Fomos alertados a não dar confiança pra bichona do Leão, que andava vendendo uns produtos na beira da estrada, sem alvará. Mas não teve jeito. Ele nos abordou, dizendo-se representante de vendas de Vivienne Westwood, e nos oferecendo sapatos de rubi confortabilíssimos, ideais para a longa caminhada por aquela estrada, e combinando com o dourado dos tijolos. Ele tinha também um novo modelo da Prada.
Olhei pra ele com uma cara de Miranda Priestley e falei que eu sabia que era tudo falsificado. Além do quê, a falecida Bruxa Má do Leste comprou o seu modelo exclusivo do designer europeu Stuart Weitzman, com 642 rubis, pela bagatela de 1,5 milhão de euros, na última viagem que fez à Europa. Pena que quase não teve oportunidade de usá-los, pois foi esmagada pela casa da Dorothy. A menina é que fez bom proveito. Será que a herdeira Liza Minelli já os vendeu em algum leilão?
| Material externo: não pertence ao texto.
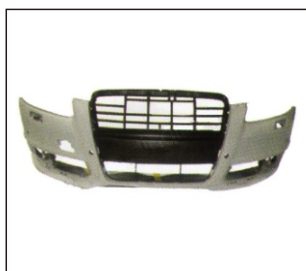
FRONT BUMPER W/SENSOR HOLE 901.AD04992BA OE:4F0807105AB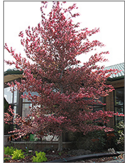
Tricolor Beech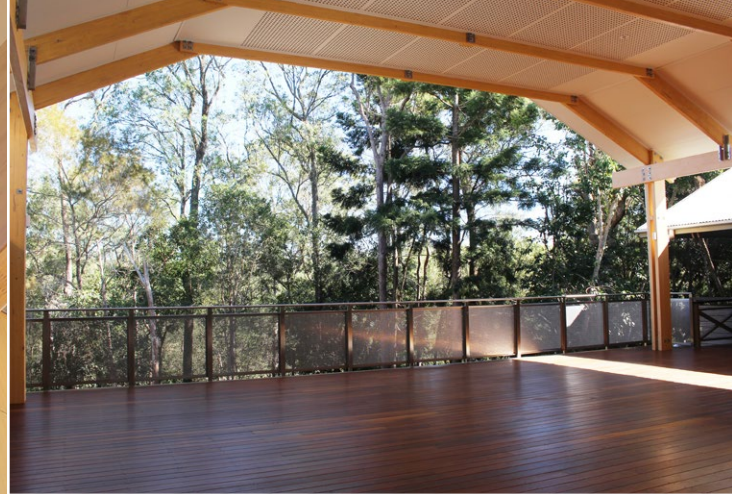
THE NEW ENTERTAINING DECK AT WALKABOUT CREEK DISCOVERY CENTRE, ENOGGERA RESERVOIR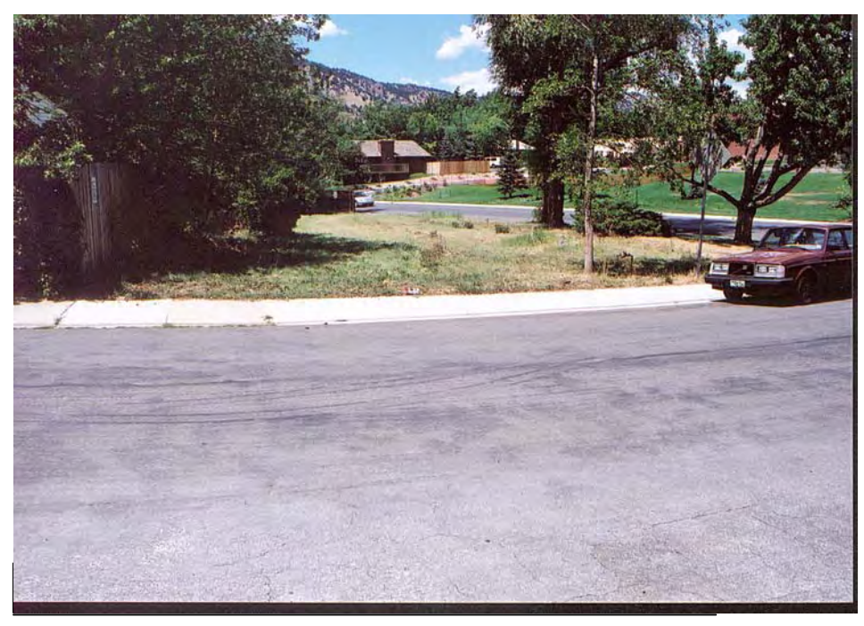
Photograph 25. July 29, 2001.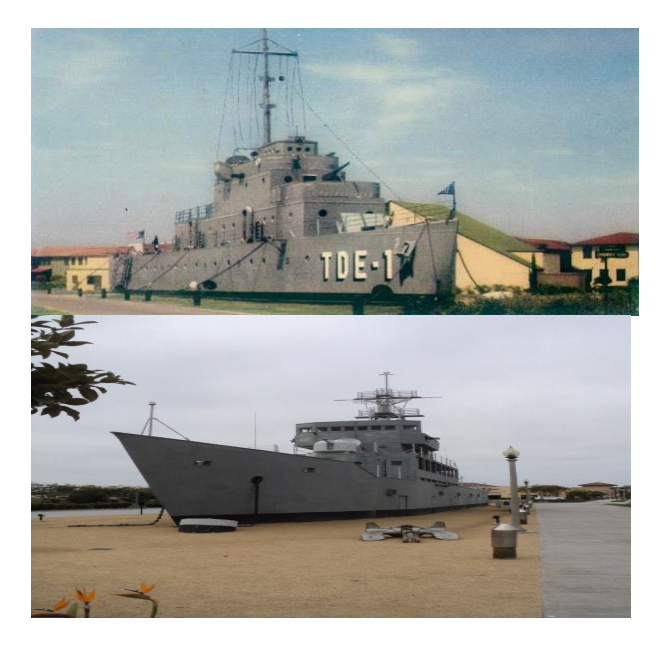
Fireball, Summer 2012

Gedunk Question for Summer 2012 Identify the ships in the photographs and their current location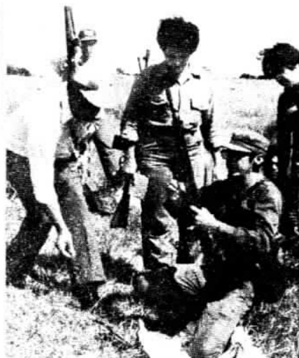
Left: Youth gathering in commemoration of fallen comrades-in-arms. Right: Militia receive training.

the opposition does not consider these enough. They say that a national dialogue should be held among all Nicaraguans before the election, including rebel leaders still fighting the government from abroad. The government refuses to accept this proposal, considering the armed rebel leaders traitors, and saying there would only be a dialogue of bullets.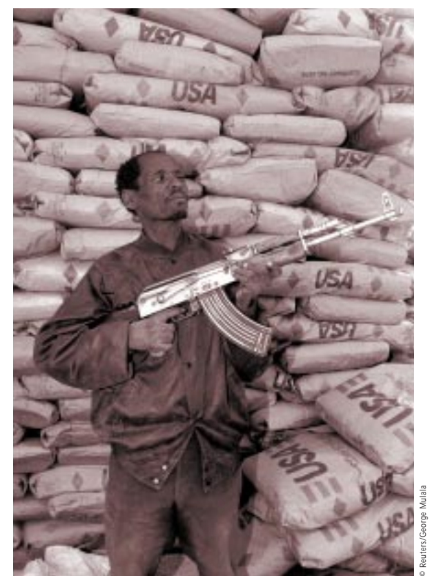
An Ethiopian guard protects food stored in a warehouse.

The degree of insecurity in some regions has increased to the extent that even security assessments themselves are perilous. In September 2000, security officers in Somalia, who were administering security assessments to deter-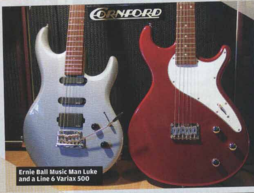
Ernie Ball Music Man Luke and a Line 6 Variax 500

'I also picked up this Tele with a drop tuner over the net, and this amazing little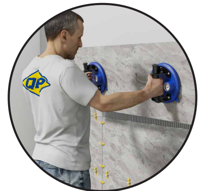
MAKES HEAVY LIFTING EASY

The QEP® 8" Vacuum Pump with Suction Cup with Gauge makes heavy lifting easy. This hand held portable suction cup has a holding power of 285 lbs. It can be used to lift large tiles, stone, glass and all types of non-porous building material. To use, pump plunger until red line disappears and suction is engaged. During use, red line should not be visible. Gauge safety feature indicates insufficient pressure. Release valve is located on opposite end of plunger. Store with protector cover (included) in durable carrying case.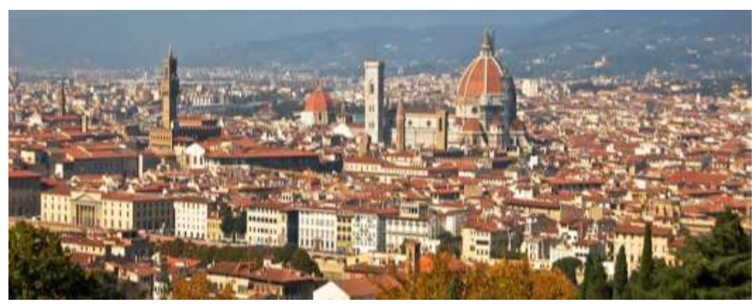
Figure (3) a general view of Florence, showing the church.

Of the most important points learned is to create a global cultural hub of art includes the cathedral and the museum, sculptures and mixes them with fine commercial.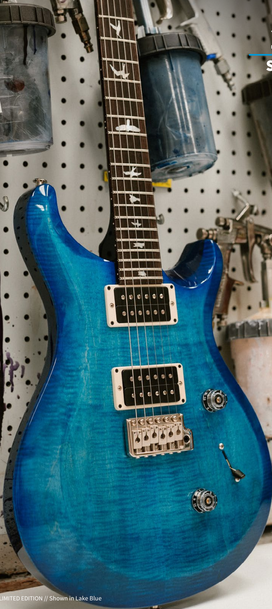
10TH ANNIVERSARY S2 CUSTOM 24 LIMITED EDITION // Shown in Lake Blue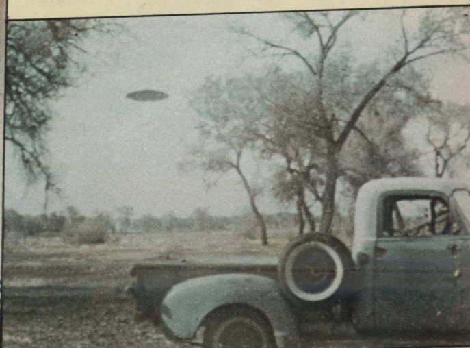
Left, UFOs or lenticular (shaped like a lens) clouds - which look like UFOs - seen in Taormina, Sicily, in 1954. Above, possible UFO seen in Albuquerque, New Mexico, on 18 April 1965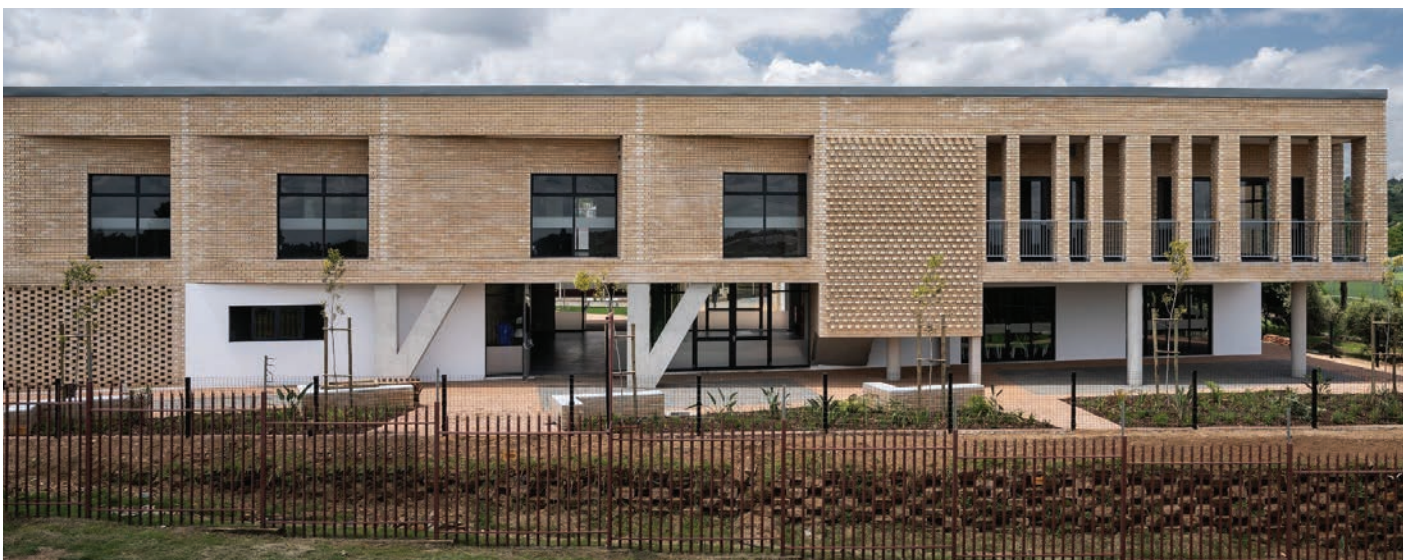
Curro Northriding College High School | Architect – BPAS Architect | Photo credit – 3sixty Photography

View the range of Special Shaped Bricks | www.corobrik.co.za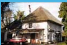
The Thatched House East Howe Lane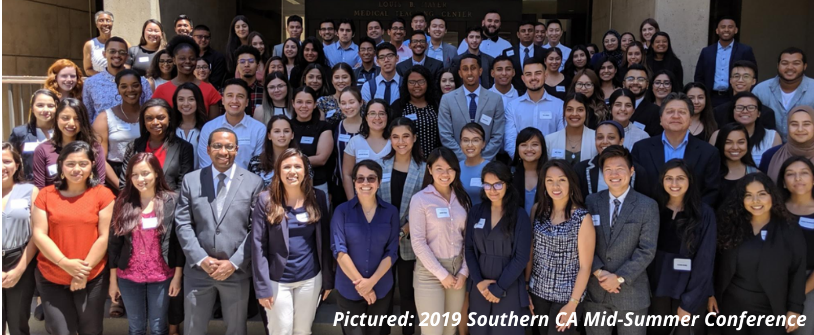
Pictured: 2019 Southern CA Mid-Summer Conference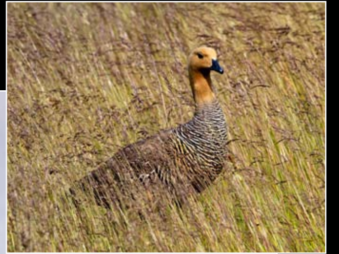
The multi-hues lakes of Torres del Paine are seen from the French Valley hike. An upland goose along the trail is pictured in the inset.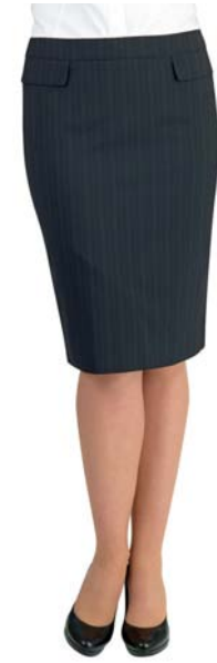
TARANTO Skirt (Black Multi Stripe) Straight skirt, stretch lining, detailed waistband, 2 mock pockets, centre vent.

Machine washable 67% Polyester, 30% Wool, 3% Lycra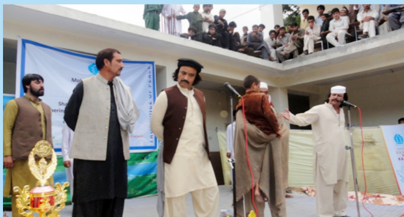
Actors are in action during Stage Drama "Arman" at SBBU Sheringal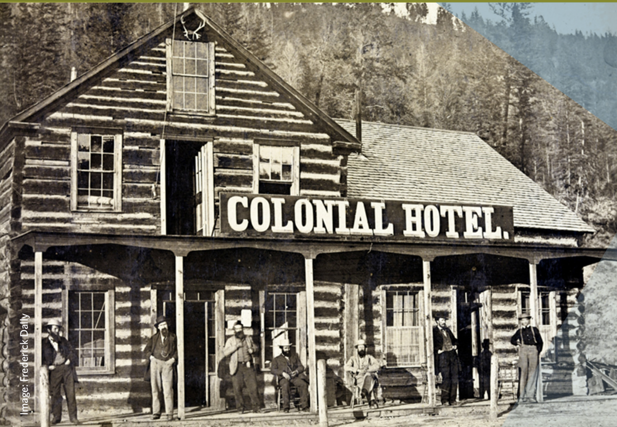
Photo donation offers captivating glimpse into B.C. history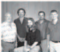
NOTHIN' FANCY (Thursday, 21st)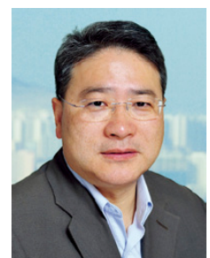
The Hon. Fred LI Wah-ming, SBS, JP 李華明議員，銀紫荊星章，太平紳士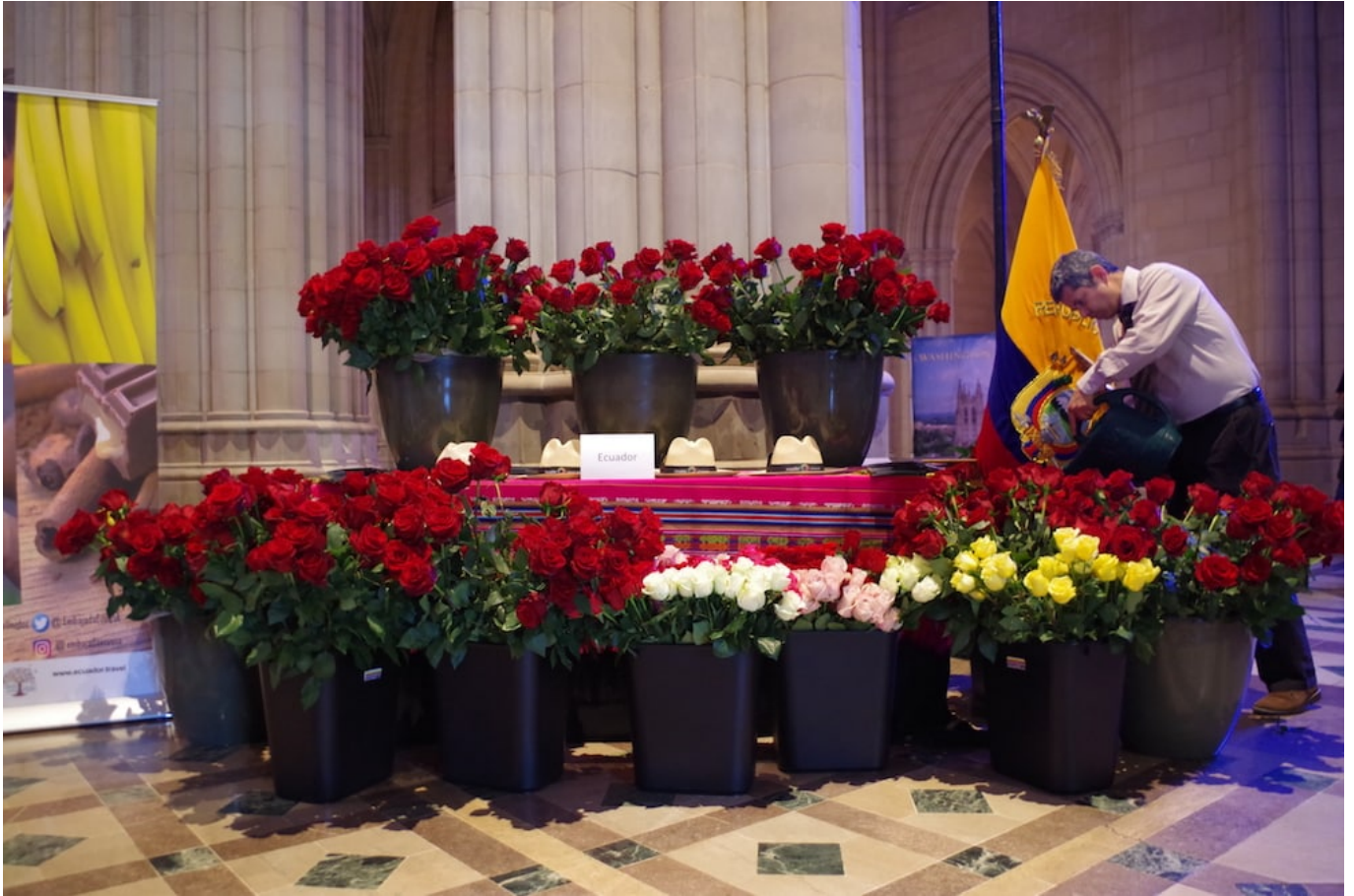
Ecuador - 2019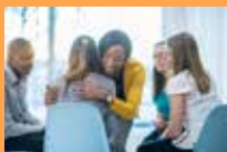
Behavioral Health/Mental Health

Today, APM employs over 300 professionals and offers a broad network of services at 14 sites throughout Eastern North Philadelphia serving over tens of thousands of culturally, ethnically and racially diverse individuals annually which has strengthened our organizational commitment to the slogan that we are "APM for Everyone".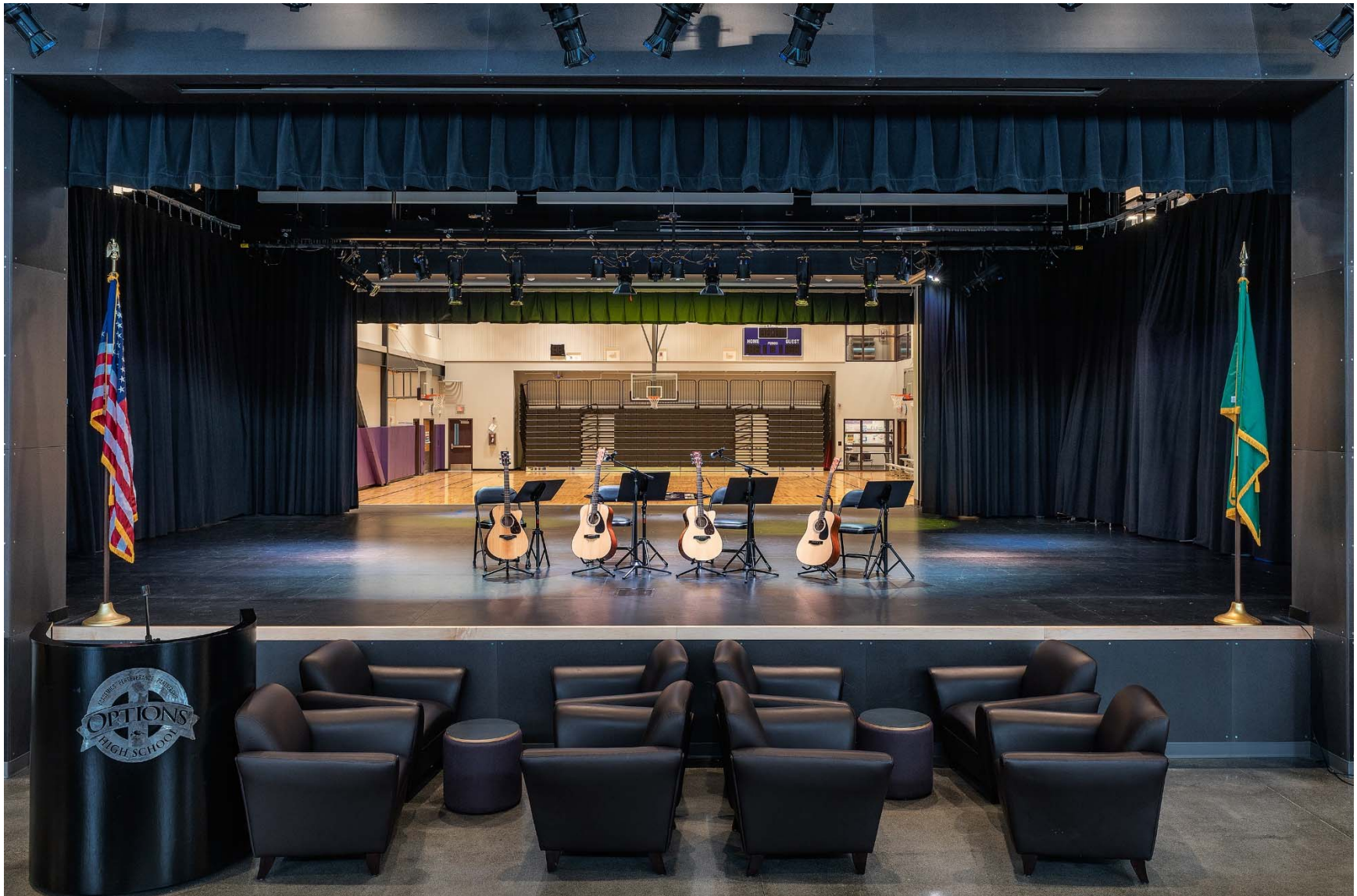
Black Box Theatre / Commons

Seguimos aquela estrada interminável, com a mesma paisagem imutável ao redor, que lembrava muito a estrada até São João del Rey, em Minas Gerais. Mas eu sabia que ali não havia nenhum dragão, no máximo aqueles macaquinhos alados que viraram uma praga em toda Oz desde que a bruxa derreteu e ninguém mais deu comida pra eles. Não tinha espantalho que os afugentasse.
Mas o pior era o papo do padre. Ele não era a Mônica, nem astrônomo, geólogo, oceanógrafo ou meteorologista, mas me contava coisas sobre o céu, a terra, a água e o ar. E eu, que a essa altura já tinha largado totalmente o Lexotan, pensava na utilidade daquele adesivo: “sou feliz porque sou ateu”. E lá, muito além do arco-íris, nunca que eu encontraria a flor alucinógena, exemplar único em poder do Vértice, ou aquelas insuperáveis pílulas, pra me desligar dos problemas. Ou quem sabe o Leão não as contrabandeava também?
Saímos brevemente da estrada para admirar a paisagem no alto de uma colina. Nessa hora, iniciou um terremoto que, dizem, mas não acredito muito nisso, foi sentido em São Paulo. O padre desesperou-se e saltou, achando o ar mais seguro que a terra firme naquele momento, e me levou pelo braço. Esse gesto impensado acabou se revelando providencial, pois conseguimos alçar vôo, empurrados pelo bom e velho vento sul da bruxa boa Glinda.
Mas, sem termos como nos orientar, passaríamos pelos mais estranhos lugares, o que, para o aventureiro padre, era uma grande diversão: os Campos de Gabi, onde se respira poesia concreta; a Granja do Vidro Quebrado, povoada de répteis intelectuais; a Torre Gêmea, onde a Liga da Justiça prepara a luta contra os nefastos maçons; a Terra das Pessoas que Não Terminam as Frases; o Reino das Palavras; a República das Pessoas que Escrevem Assim; a Ilha das Maravilhas e suas não menos maravilhosas circunvizinhanças; o Fim dos Tempos. Não tive escolha a não ser acompanhá-lo.
Não há lugar como o lar.

Mamãe, os meus sapatinhos eram tão novinhos... foi o Charleston!